There are some values of batch size and number of images in the dataset that the training step works, but for other values I get this error…I don’t understand why this is happening…

Another problem that I remembered now is that when I increase the batch size, this error occurs:

RuntimeError: CUDA out of memory. Tried to allocate 148.00 MiB (GPU 0; 8.00 GiB total capacity; 5.60 GiB already allocated; 140.97 MiB free; 280.24 MiB cached)

In my understanding, there is memory on my video card to use a batch of this size … I don’t understand why the error occurs …

Best regards,

Matheus Santos

For the first question, if you put a sample code, we can help you more. It is because of shape mismatching
For the second question, when you increase batch size your gpu memory is not enough for that. you need to decrease batch size. Some times your memory is busy with some other stuff and by rebooting maybe you can solve the problem. But in general you need to decrease batch size or size of network …

1 Like

Certainly! I will put here the code of the data loader and the train step.
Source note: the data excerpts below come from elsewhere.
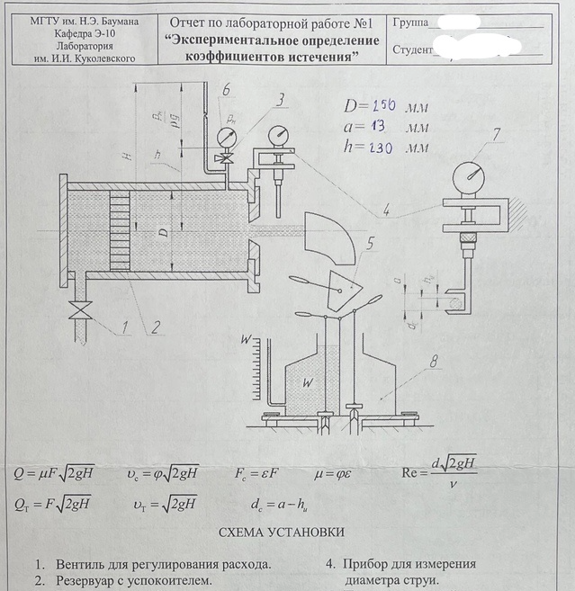 Для студентов МГТУ им. Н.Э.Баумана по предмету Механика жидкости и газа (МЖГ или Гидравлика)Экспериментальное определение коэффициентов истеченияЭкспериментальное определение коэффициентов истечения
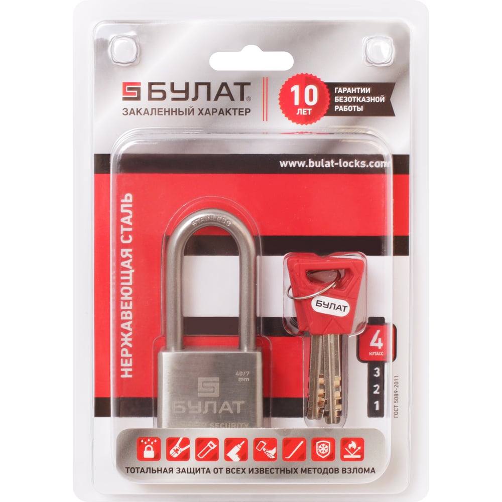 Навесной замок БУЛАТ ВС 3-С40-01 НС (нержавеющая сталь; 7 мм) 13988
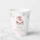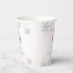 Beautiful ice-skating birthday paper cups featuring soft pink tones, elegant silver glitter snowflakes, and watercolor ice skates. Perfect for winter birthdays and girls skating parties.
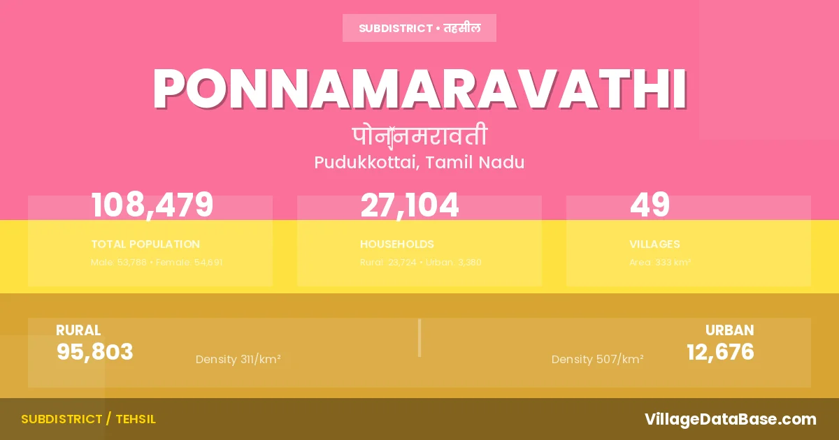According to the 2011 census The total area of Ponnamaravathi Taluka is 333 km², with a population of 108479 people. The population density is 326 inhabitants per square kilometre, and there are approximately 27104 houses in the sub district.
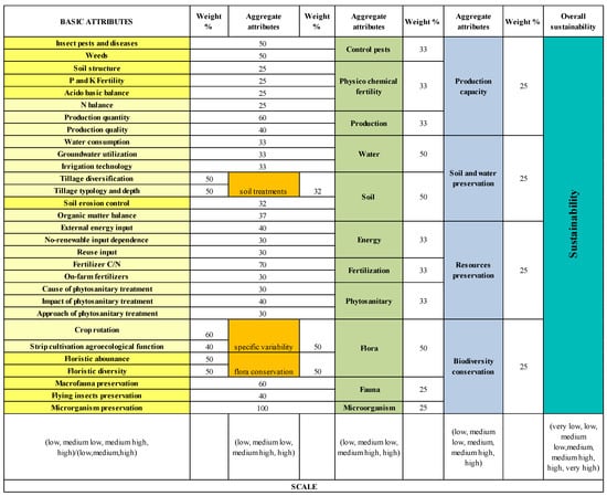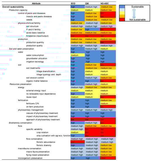 The “resources preservation” aggregate attribute differed for the attributes related to the “energy” and “fertilization”, which scored frequently “high” and “medium” in ECO treatment, “medium” in GM and “medium-low” and “low” in NO ASC. No differences were found in the first order “phytosanitary management” attribute and in the basic attributes.
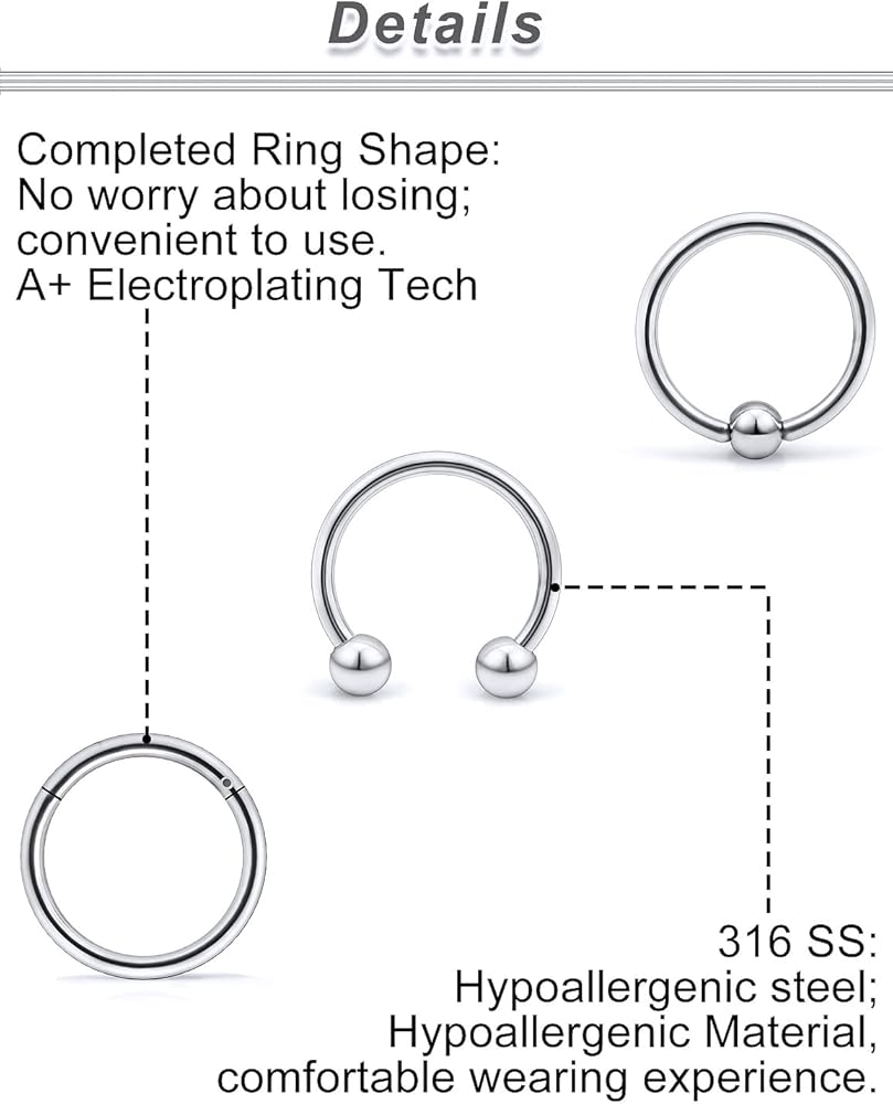 Perfect to use for lip hoop rings,tragus hoop rings,helix hoop rings,cartilage hoop rings,eyebrow rings,rook hoop earrings,daith hoop earrings.
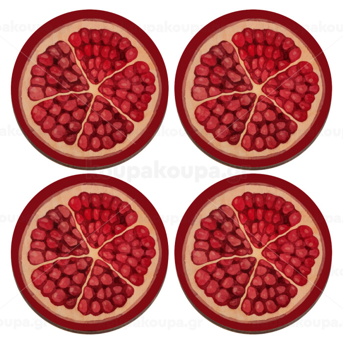 pomegranate, ΣΕΤ x4 Σουβέρ ξύλινα στρογγυλά plywood (9cm)
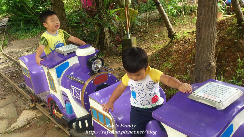 裡面的小火車 本來不打算給他們坐的 但後來發現裡面沒有太大的地方可以給他們跑跑 就坐一圈吧!

In the Data Loader, L channel and a,b channels must be returned for the training step.

#####################################################
################## DATA LOADER #####################
#####################################################

from torchvision import datasets, transforms
from torch.utils.data import Dataset
from skimage.color import rgb2lab, rgb2gray
from skimage import io
import torch.utils.data as data
import torch
import torch.nn as nn
import torch.nn.functional as F
import numpy as np
from PIL import Image
import os

scale_transform = transforms.Compose([
    transforms.Resize((256,256),2),
    #transforms.RandomCrop(224),
    #transforms.ToTensor()
])

class CustomDataset(Dataset):
    """Custom Dataset."""

    def __init__(self, root_dir, transform=None):
        """
        Args:
            root_dir (string): Directory with all the images.
            transform (callable, optional): Optional transform to be applied
                on a sample.
        """
        self.root_dir = root_dir
        self.transform = transform
        self.file_list=os.listdir(root_dir)
        self.tensor_to_PIL = transforms.ToPILImage()

    def __len__(self):
        return len(self.file_list)

    def __getitem__(self, idx):
        img = Image.open(self.root_dir+'/'+self.file_list[idx]) # Read the image
        
        if self.transform is not None:
            img_rgb_resized = transforms.Resize((64,64),2)(img)
            img_rgb_ori = np.array(img)
            
            img_lab_ori = rgb2lab(img_rgb_ori) # Convert to CIE Lab color space
            img_lab_resized = rgb2lab(img_rgb_resized) # Convert to CIE Lab color space
            
            img_rgb_transposed = img_rgb_ori.transpose(2, 0, 1) #(C, W, H)    
            img_lab_transposed = img_lab_ori.transpose(2, 0, 1) #(C, W, H)
            img_lab_resized_transposed = img_lab_resized.transpose(2, 0, 1) #(C, W, H)
            
            img_l = (np.round(img_lab_transposed[0,:,:])).astype(np.int) # L channel
            img_l = self.tensor_to_PIL(img_l) # Convert to PIL object image to be possible apply the following transform
            img_l_resized = self.transform(img_l)
            img_l_resized = np.array(img_l_resized) # Convert to numpy array
            img_l_resized = torch.from_numpy(img_l_resized) # Convert to torch tensor
            
            img_ab_resized = (np.round(img_lab_resized_transposed[1:3, :, :])).astype(np.int) # (a,b) channels with int intensity values            
            img_ab_resized = np.array(img_ab_resized) # Convert to numpy array            
            img_ab_resized = torch.from_numpy(img_ab_resized) # Convert to torch tensor

            filename = self.root_dir+'/'+self.file_list[idx]
            
            return img_l_resized, img_ab_resized, filename # img_l_resized -> 1x256x256 and img_ab_resized -> 2x64x64
###################################################
################## TRAIN STEP #####################
###################################################
import os
import torch
import argparse
import torch.nn as nn
import torch.nn.functional as F
from torchvision import transforms
import numpy as np
from training_layers import PriorBoostLayer, NNEncLayer, ClassRebalanceMultLayer, NonGrayMaskLayer
from data_loader import TrainImageFolder, CustomDataset
from model import Color_model
np.set_printoptions(threshold=np.inf)

original_transform = transforms.Compose([
    transforms.Resize((256,256),2),    
])


def main(args):
    
    train_set = CustomDataset(args.image_dir, original_transform)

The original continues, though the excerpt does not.